Copy, exactly as written, the lines that begin at the one containing "XMHome 198 l" and end at the one containing "В планах на". Skip any pictures in the data below.

▶ [Data for analysis]:
........

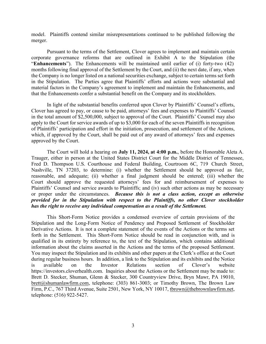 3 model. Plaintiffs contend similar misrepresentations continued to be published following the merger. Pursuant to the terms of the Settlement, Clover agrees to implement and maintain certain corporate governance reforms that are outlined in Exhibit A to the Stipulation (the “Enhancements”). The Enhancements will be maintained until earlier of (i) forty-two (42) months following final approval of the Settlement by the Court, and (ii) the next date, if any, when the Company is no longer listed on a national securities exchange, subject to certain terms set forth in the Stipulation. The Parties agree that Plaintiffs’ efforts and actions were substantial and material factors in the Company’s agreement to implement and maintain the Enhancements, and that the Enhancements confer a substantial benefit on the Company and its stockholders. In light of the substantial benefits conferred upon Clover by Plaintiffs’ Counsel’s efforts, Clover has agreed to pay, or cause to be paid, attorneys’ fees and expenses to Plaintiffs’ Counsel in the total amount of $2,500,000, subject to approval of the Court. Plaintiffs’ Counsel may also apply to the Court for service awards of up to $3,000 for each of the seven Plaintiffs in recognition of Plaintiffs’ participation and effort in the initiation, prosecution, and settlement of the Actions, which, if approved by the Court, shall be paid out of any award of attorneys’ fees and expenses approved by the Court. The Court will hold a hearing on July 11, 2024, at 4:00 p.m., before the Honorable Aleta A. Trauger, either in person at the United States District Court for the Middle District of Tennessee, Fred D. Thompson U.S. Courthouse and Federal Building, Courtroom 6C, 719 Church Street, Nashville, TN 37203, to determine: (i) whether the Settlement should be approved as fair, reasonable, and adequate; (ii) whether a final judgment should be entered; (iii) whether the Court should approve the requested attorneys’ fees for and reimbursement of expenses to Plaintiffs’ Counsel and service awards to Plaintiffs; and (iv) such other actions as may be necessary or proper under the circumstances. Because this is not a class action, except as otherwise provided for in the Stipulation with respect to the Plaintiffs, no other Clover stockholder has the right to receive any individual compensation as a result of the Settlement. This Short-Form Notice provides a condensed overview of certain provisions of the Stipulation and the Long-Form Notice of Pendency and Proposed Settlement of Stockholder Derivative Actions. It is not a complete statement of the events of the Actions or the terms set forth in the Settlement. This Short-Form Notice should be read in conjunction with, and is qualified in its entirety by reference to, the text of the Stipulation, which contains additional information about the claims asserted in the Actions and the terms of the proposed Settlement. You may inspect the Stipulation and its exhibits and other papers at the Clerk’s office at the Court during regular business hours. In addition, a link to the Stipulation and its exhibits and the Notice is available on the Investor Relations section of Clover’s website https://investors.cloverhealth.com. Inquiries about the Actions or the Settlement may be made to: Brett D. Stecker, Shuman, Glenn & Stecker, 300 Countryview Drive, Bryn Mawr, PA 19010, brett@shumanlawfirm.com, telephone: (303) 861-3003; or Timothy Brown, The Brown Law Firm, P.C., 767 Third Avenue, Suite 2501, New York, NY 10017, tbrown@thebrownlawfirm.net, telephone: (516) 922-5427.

........

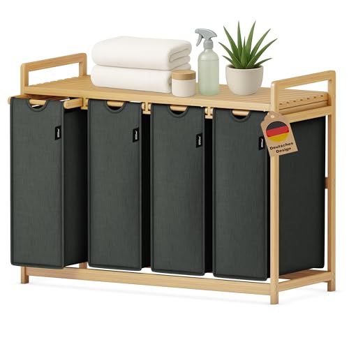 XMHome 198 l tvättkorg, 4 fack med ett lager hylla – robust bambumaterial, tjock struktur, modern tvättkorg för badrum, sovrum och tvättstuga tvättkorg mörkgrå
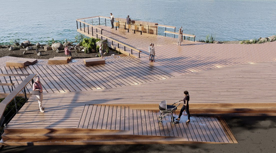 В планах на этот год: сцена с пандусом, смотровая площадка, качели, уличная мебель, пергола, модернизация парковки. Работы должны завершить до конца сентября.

........

▶ [Answer to this task]:
 XMHome 198 l tvättkorg, 4 fack med ett lager hylla – robust bambumaterial, tjock struktur, modern tvättkorg för badrum, sovrum och tvättstuga tvättkorg mörkgrå
 В планах на этот год: сцена с пандусом, смотровая площадка, качели, уличная мебель, пергола, модернизация парковки. Работы должны завершить до конца сентября.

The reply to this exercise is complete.